(SOURCE DATA Opens)

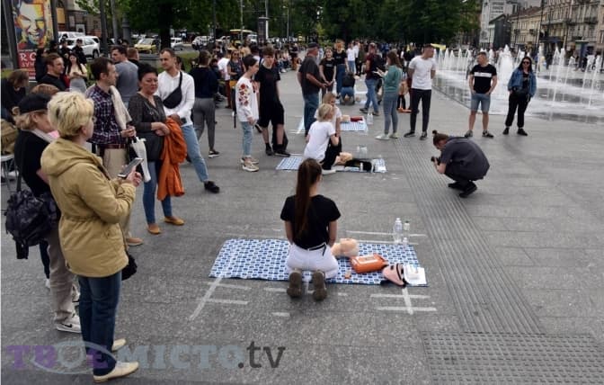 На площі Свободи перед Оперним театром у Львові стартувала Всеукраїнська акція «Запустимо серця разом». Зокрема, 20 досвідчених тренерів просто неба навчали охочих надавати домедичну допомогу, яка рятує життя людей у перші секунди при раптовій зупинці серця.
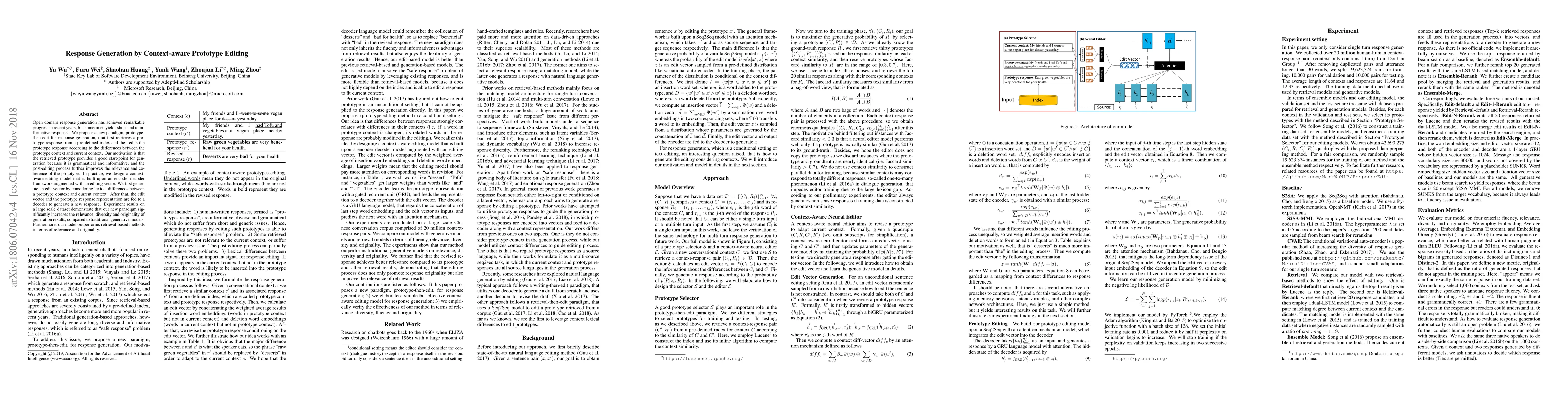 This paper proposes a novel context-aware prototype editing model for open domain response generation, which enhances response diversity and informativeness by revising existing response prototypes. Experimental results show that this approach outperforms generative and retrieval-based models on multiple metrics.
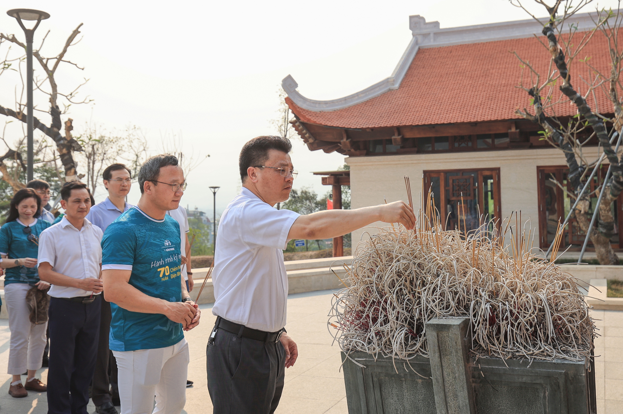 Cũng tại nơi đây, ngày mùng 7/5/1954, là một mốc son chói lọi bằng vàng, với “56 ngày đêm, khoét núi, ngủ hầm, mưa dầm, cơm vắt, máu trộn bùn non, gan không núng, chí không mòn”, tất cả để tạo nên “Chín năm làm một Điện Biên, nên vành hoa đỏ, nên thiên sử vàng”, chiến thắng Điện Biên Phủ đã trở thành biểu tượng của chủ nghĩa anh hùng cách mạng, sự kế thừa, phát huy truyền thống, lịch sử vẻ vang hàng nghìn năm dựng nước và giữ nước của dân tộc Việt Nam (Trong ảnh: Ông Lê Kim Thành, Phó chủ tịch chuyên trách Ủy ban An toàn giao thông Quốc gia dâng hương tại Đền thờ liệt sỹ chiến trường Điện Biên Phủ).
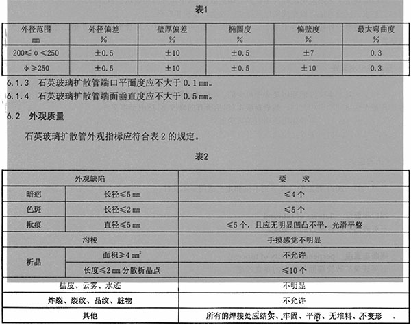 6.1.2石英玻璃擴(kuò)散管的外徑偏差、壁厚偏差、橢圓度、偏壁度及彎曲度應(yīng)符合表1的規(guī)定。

(SOURCE DATA Closes)

- WORK INSTRUCTION -
Every picture stays out; reproduce exactly the lines from the one with "This paper proposes" through the last line of the data above.

- TASK RESULT -
 This paper proposes a novel context-aware prototype editing model for open domain response generation, which enhances response diversity and informativeness by revising existing response prototypes. Experimental results show that this approach outperforms generative and retrieval-based models on multiple metrics.
 Cũng tại nơi đây, ngày mùng 7/5/1954, là một mốc son chói lọi bằng vàng, với “56 ngày đêm, khoét núi, ngủ hầm, mưa dầm, cơm vắt, máu trộn bùn non, gan không núng, chí không mòn”, tất cả để tạo nên “Chín năm làm một Điện Biên, nên vành hoa đỏ, nên thiên sử vàng”, chiến thắng Điện Biên Phủ đã trở thành biểu tượng của chủ nghĩa anh hùng cách mạng, sự kế thừa, phát huy truyền thống, lịch sử vẻ vang hàng nghìn năm dựng nước và giữ nước của dân tộc Việt Nam (Trong ảnh: Ông Lê Kim Thành, Phó chủ tịch chuyên trách Ủy ban An toàn giao thông Quốc gia dâng hương tại Đền thờ liệt sỹ chiến trường Điện Biên Phủ).
 6.1.2石英玻璃擴(kuò)散管的外徑偏差、壁厚偏差、橢圓度、偏壁度及彎曲度應(yīng)符合表1的規(guī)定。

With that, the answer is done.